Em Parada de Lucas, o traficante ergueu dois espaços de luxo. Em um deles, há um grafite de 10 metros de altura com a frase: “Feliz é a nação cujo Deus é o Senhor”. A mesma imagem conta com uma representação da favela e, ao fundo, o Domo da Rocha, local sagrado em Jerusalém. Em primeiro plano, homens vestindo uniformes militares com a bandeira de Israel.

Nesse mesmo local, a polícia encontrou equipamentos de sadomasoquismo; ao lado, bíblias.

Já em outra residência, com praia particular e lago artificial, há também um campo de futebol, piscina, sauna e área para churrasco. Neste ano, mesmo após a polícia ter ido ao local, o traficante realizou uma obra: ergueu uma espécie de montanha. Segundo os investigadores, seria um monte de oração.

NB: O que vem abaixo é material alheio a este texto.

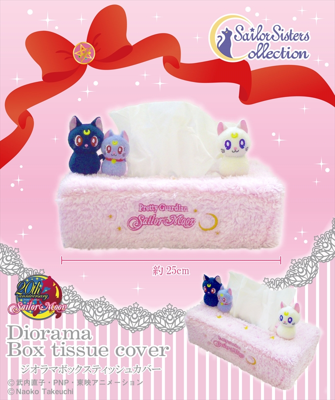 Pokrowiec na pudełko od chusteczek z małymi figurkami Luny, Artemisa i Diany. Puchaty i różowy. Pasuje na pudełko długości 25 cm i kosztuje 2400 jenów (ok. 74 zł). Wydanie planowane na listopad 2014.
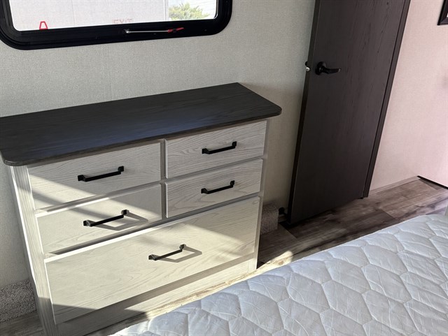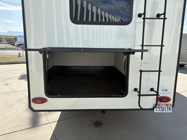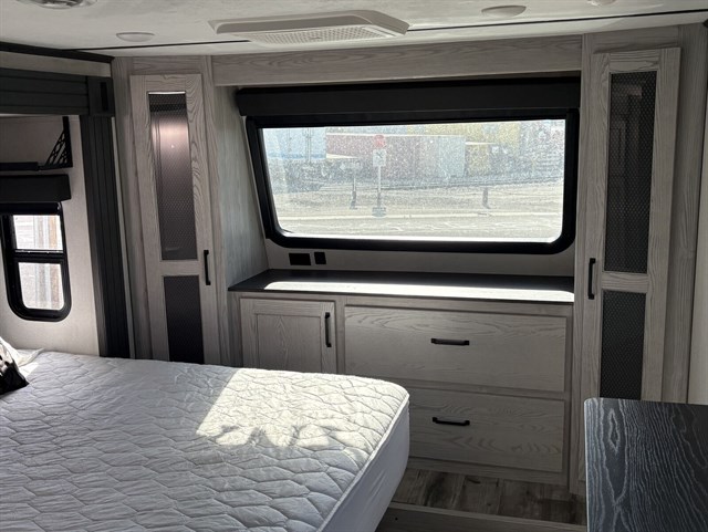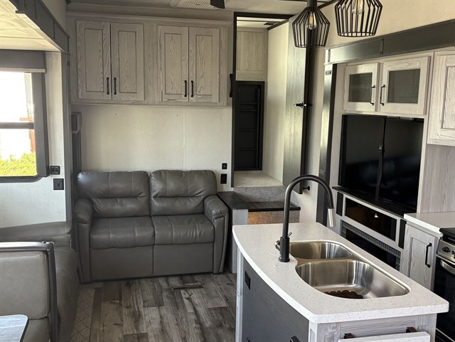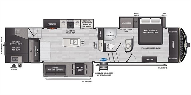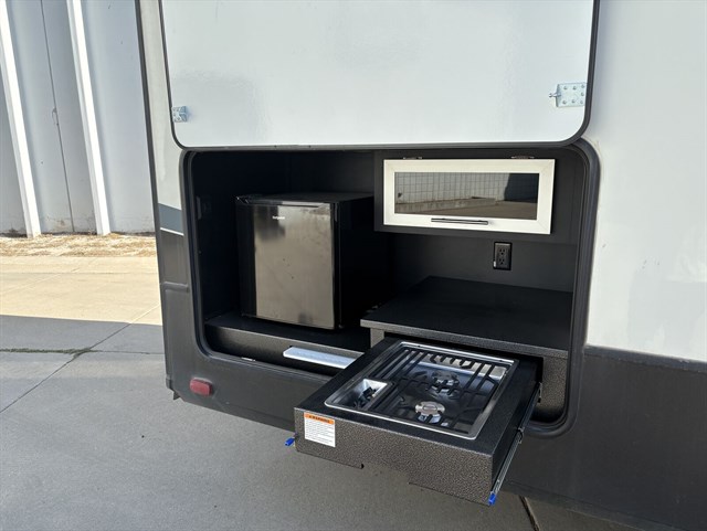 Exterior: Fiberglass siding, front cap with wrap-around design, dual power awnings, and an outdoor kitchen.

A religião não é algo particular ao traficante, que tem 131 registros de ocorrências em seu nome e condenações por homicídio e tráfico. Ele expulsou das favelas, que abrigam 134 mil moradores, pessoas com religiões diferentes da sua, como umbandistas.

Neste ano, circularam informações de que ele proibiu festas juninas em igrejas católicas, mas a arquidiocese negou.

O primeiro registro em seu nome data de 2012: o homicídio de dois homens, em Parada de Lucas. Ele cobrava comerciantes, além de taxas de aluguel e de festas de moradores, em práticas típicas de milicianos.

Além disso, casos de desaparecimento são frequentes na região. Um deles é o de Stanley Pinheiro Fernandes Leite, 19, que desapareceu após entrar por engano no Complexo de Israel. De acordo com dois amigos que estavam com ele, o trio foi extorquido e torturado por traficantes locais.

Os jovens contaram à polícia que foram liberados após terem os braços quebrados, mas Stanley, por ser morador de uma comunidade rival, foi detido pelos agressores.

O Complexo de Israel é formado pelas favelas Parada de Lucas, Cidade Alta, Vigário Geral, Cinco Bocas e Pica-Pau e é próximo a vias importantes da cidade, como Linha Vermelha, Washington Luís e Avenida Brasil.